Cmic/Corg ratios of the valley (0.3–2.6%), middle slope (0.3–2.7%), and ridge (0.3–2.2%) sites were lower than that of the tropical forest (1.5–5.3%) (Luizao et al. 1992) and the tropical wet evergreen forest (4–6%) (Barbhuiya et al. 2005) and similar to the subtropical humid forests (0.7–1.7%) (Maithani et al. 1996). However, Nmic/Ntot ratios of the valley (2.0–2.6%), middle slope (1.8–2.1%), and ridge (1.5–2.0%) sites were also lower than that of the forest soils (3.4–5.9%) (Martikainen and Palojarvi 1990) and the forest regrowths (7.3–8.3%) (Maithani et al. 1996) and similar to the tropical wet evergreen forest (1.3–1.7%) (Barbhuiya et al. 2005). This indicates low C and N immobilization as microbial biomass in Fushan forest soils. The dynamic nature of C and N circulation of forest floor and microbial populations is very important in nutrient conservation and regeneration in Fushan forest. Soil moisture had a strong influence on soil properties, and the dynamics of Cmic and Nmic. Similar relationship, i.e., a positive correlation (R > 0.74 and significant at P < 0.001) between moisture content and Cmic and Nmic was reported from the subtropical humid forest of northeast India (Arunachalam and Arunachalam 2000).

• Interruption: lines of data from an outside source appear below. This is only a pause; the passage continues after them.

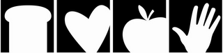 - DM0000: The mark consists of four generally dark shaded backgrounds with each including either a contrasting bread, heart, apple or hand shape.
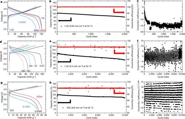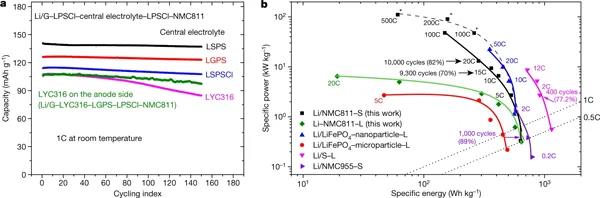 鋰金屬因其高容量和能量密度而被認(rèn)為是鋰離子電池負(fù)極的最佳候選材料,而單晶LiNi0.8Mn0.1Co0.1O2(NMC811)被認(rèn)為是下一代正極材料。采用NMC81正極與鋰金屬負(fù)極配對的電池的穩(wěn)定循環(huán)非常重要。然而,這種電池與大多數(shù)電解質(zhì),無論是液體還是固體,其穩(wěn)定性都很差。眾所周知,Li10±xM1±yP2±pS12±q(M=Ge,Si)與金屬鋰不穩(wěn)定。通常應(yīng)用石墨或金屬銦等保護層來絕緣固體電解質(zhì)和金屬鋰之間的接觸。如果沒有這種保護,使用純金屬鋰作為電極和Li10Ge1P2S12(LGPS)作為電解質(zhì)的對稱電池會在有電壓火花的情況下迅速失效。盡管大多數(shù)硫化物固體電解質(zhì)在與金屬鋰接觸時會發(fā)生一定程度的分解,但硫銀鍺礦型Li6-yPS5-yCl1+y與金屬鋰比LGPS更穩(wěn)定。Li5.5PS4.5Cl1.5(LPSCl)可以運行150小時以上。然而,之后仍然會出現(xiàn)短路。今日,在哈佛大學(xué)李鑫教授(通訊作者)團隊帶領(lǐng)下,報告了一種界面穩(wěn)定性(對鋰金屬響應(yīng))分層結(jié)構(gòu)的固態(tài)電池設(shè)計,實現(xiàn)無鋰枝晶穿透的超高電流密度。多層設(shè)計將較不穩(wěn)定的電解質(zhì)夾在較穩(wěn)定的固體電解質(zhì)之間,通過在較不穩(wěn)定的電解質(zhì)層中局部分解,阻止了任何鋰枝晶的生長。團隊提出了一種類似于膨脹螺絲效應(yīng)的機制,即任何裂縫都被動態(tài)生成的分解物所填充,而這些分解也受到很好的約束,可能是由分解引起的“錨定”效應(yīng)。鋰金屬負(fù)極與LiNi0.8Mn0.1Co0.1O2正極配對的循環(huán)性能非常穩(wěn)定,在20 C倍率下進(jìn)行10000次循環(huán)后,容量保持率為82%(8.6 mA/cm2),在1.5C倍率下進(jìn)行2000次循環(huán)后容量保持率為81.3%(0.64 mA/cm2)。同時,在微米級正極材料水平還能實現(xiàn)110.6 kW/kg的比功率和631.1 Wh/kg的比能量。相關(guān)成果以題為“A dynamic stability design strategy for lithium metal solid state batteries”發(fā)表在了Nature。
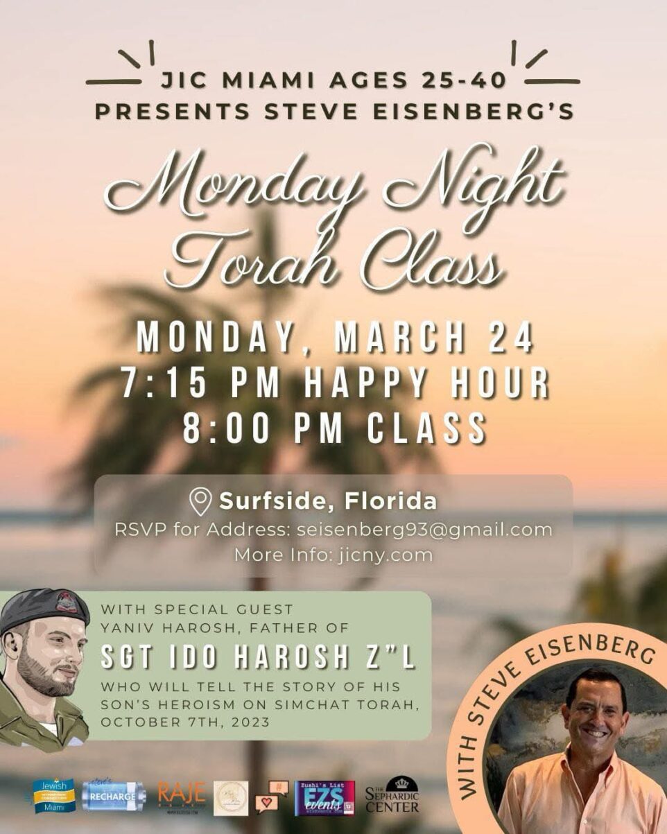 MONDAY NIGHT TORAH CLASSWith Special GuestYaniv Harosh, Father of SGT Ido Harosh Z"L Yaniv Harosh will share the incredible story of his son's heroism on Simchas Torah, October 7th, 2023. Date: Monday, March 24th7:15 PM - Happy Hour8:00 PM - Torah Class RSVP for address at seisenberg93@gmail.com
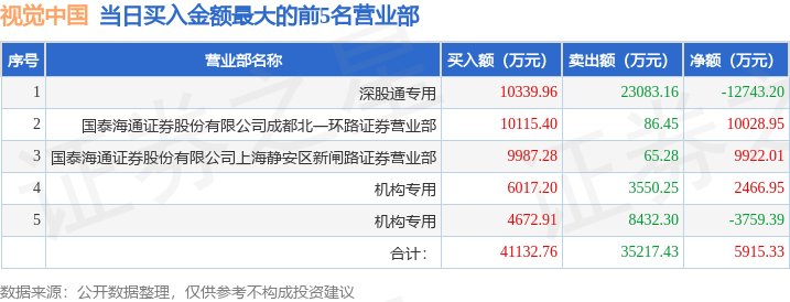证券之星消息,沪深交易所2025年11月21日公布的交易公开信息显示,视觉中国(000681)因日涨幅偏离值达到7%的前5只证券登上龙虎榜。此次是近5个交易日内第2次上榜。
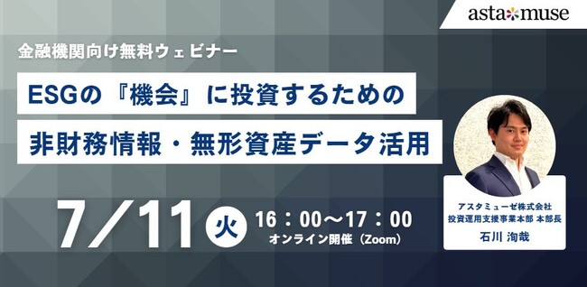 アスタミューゼ株式会社(本社:東京都千代田区、代表取締役社長 永井歩)は、2023年7月11日(火)16:00~17:00に、金融機関の方々を対象とした無料ウェビナー「ESGの『機会』に投資するための非財務情報・無形資産データ活用」を開催いたします。
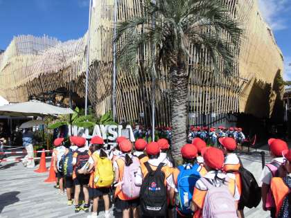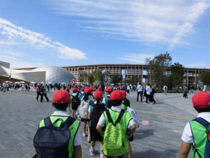 混雑の中、様々なパビリオンを回り満喫することができました。楽しみにしていたシンガポール館では、未来の世界がもっと良くなるようにという願いを込めて、各グループで考えた夢を書きました。そのあと、書いた夢が高い夜空に浮かんで広がっていく様子を子どもたちはキラキラした目で眺めていました(^^)みんなの思いがつながって、大きな力になり明るい未来がうまれますように!
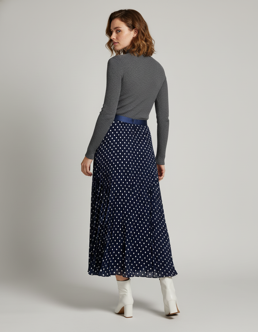 Notre jupe longue plissée en mousseline bleu marine, ornée de son motif délicat, offre une fluidité exceptionnelle. Sa matière légère et agréable sur la peau garantit un confort absolu tout au long de la journée. Chaque pas est une invitation à la grâce, grâce à son plissé parfait qui accompagne vos mouvements sans contrainte. Son tombé impeccable sublime la silhouette avec élégance, sans jamais l'alourdir, et s'adapte merveilleusement aux superpositions hivernales.
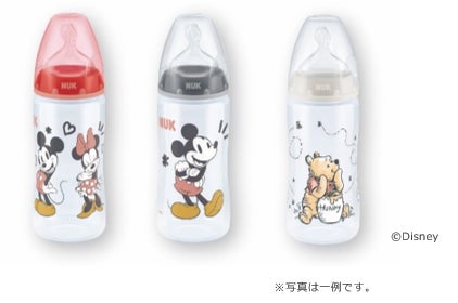 赤ちゃんのお口にフィットするNUKのほ乳びん。ミルクの飲み頃の適温がわかる、色が変わるメモリ付き。
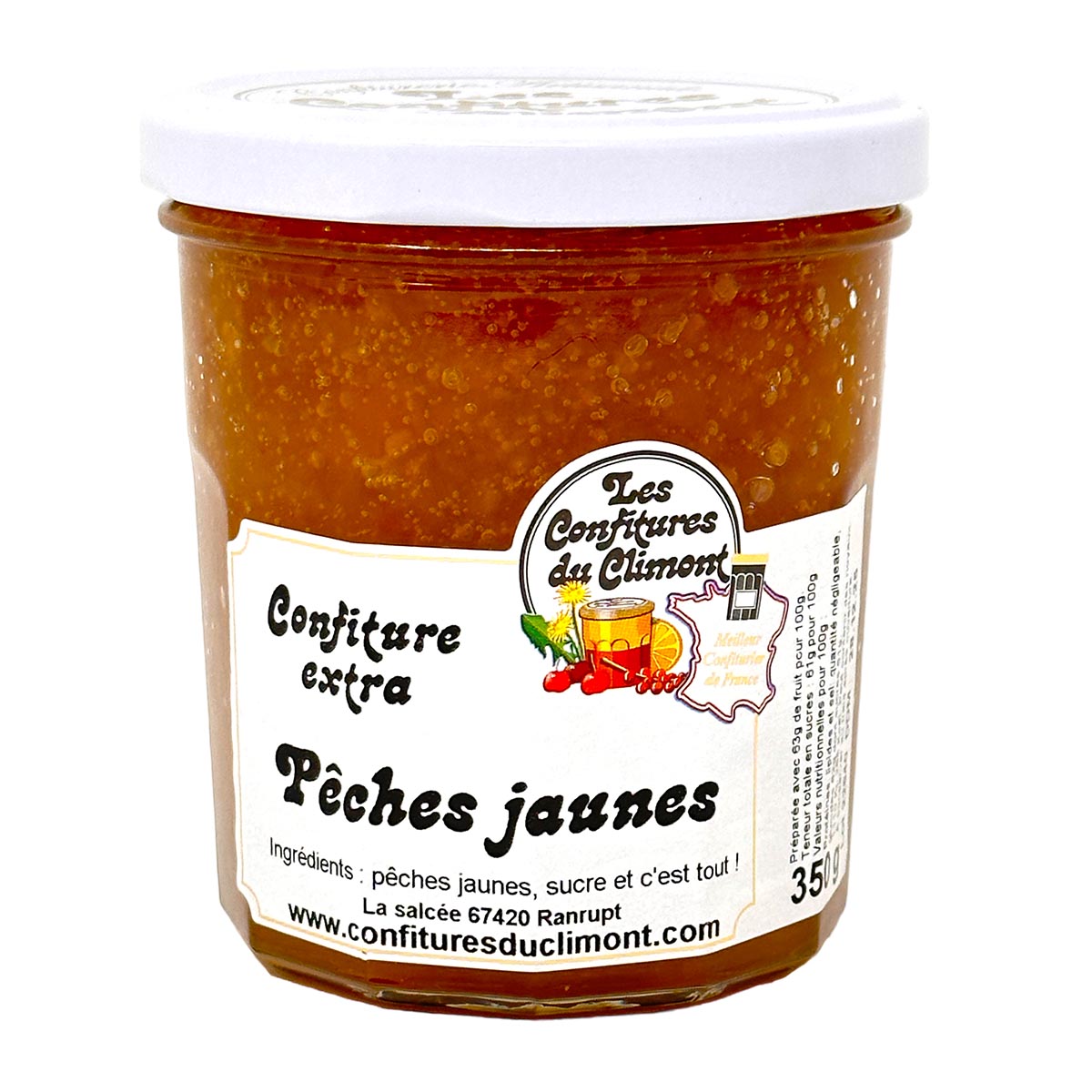 Entdecken Sie die Les Confitures du Climont Gelber Pfirsich Konfitüre Extra, eine handwerklich hergestellte Spezialität aus dem Elsass. Diese einzigartige Konfitüre verwöhnt Sie mit dem intensiven Geschmack sonnengereifter, gelber Pfirsiche.

The 16S rDNA-DGGE analysis can be used to study changes in the structure of the microbial community (Fritze et al. 2000). The 16S rDNA-DGGE analysis showed the structure of the microbial community changed with increasing soil depth (Fig. 4). Comparatively more bands were observed in ridge soil DGGE profiles, implying higher diversity of the bacterial population. DGGE analysis had very complex banding patterns in the upper horizons, indicating a high diversity and density of microorganisms in contrast to less diversity in the deeper horizons. Numerically dominant bacterial types in the upper layers (bands with high intensity) gradually decrease through the deeper horizons, and a few bacterial types prefer the deeper regions and exist in large numbers (high-intensity bands appeared in the BW2 and BC horizons of the middle slope), which may not be numerically dominant in the upper layers (Fig. 4). Cluster analysis of bacterial DGGE banding patterns in the three tested sites resulted in two groups: (1) middle slope and (2) ridge and valley samples (Fig. 5). Within each group, different layers, especially OA-A, formed different groups, suggesting that the microbial community in the deeper horizons (BW1-BW2-BC horizons) was not simply the diluted analogs of the surface soils and that some microbes dominate only in the deeper horizons. These results indicate that topography influenced both microbial populations and bacterial diversity.

In conclusion, the valley site had the lowest microbial populations (microbial biomass) among the three tested sites due to the low organic matter content, and these populations decreased with soil depth. The PCR-DGGE community profiles of three tested sites were very similar to each other in the major bands, and the variation was in the minor bands only. However, the pattern through gradient profiles was different, indicating the prevalence of specific microbes at different horizons. Topography influenced the quantity and diversity of microbial populations.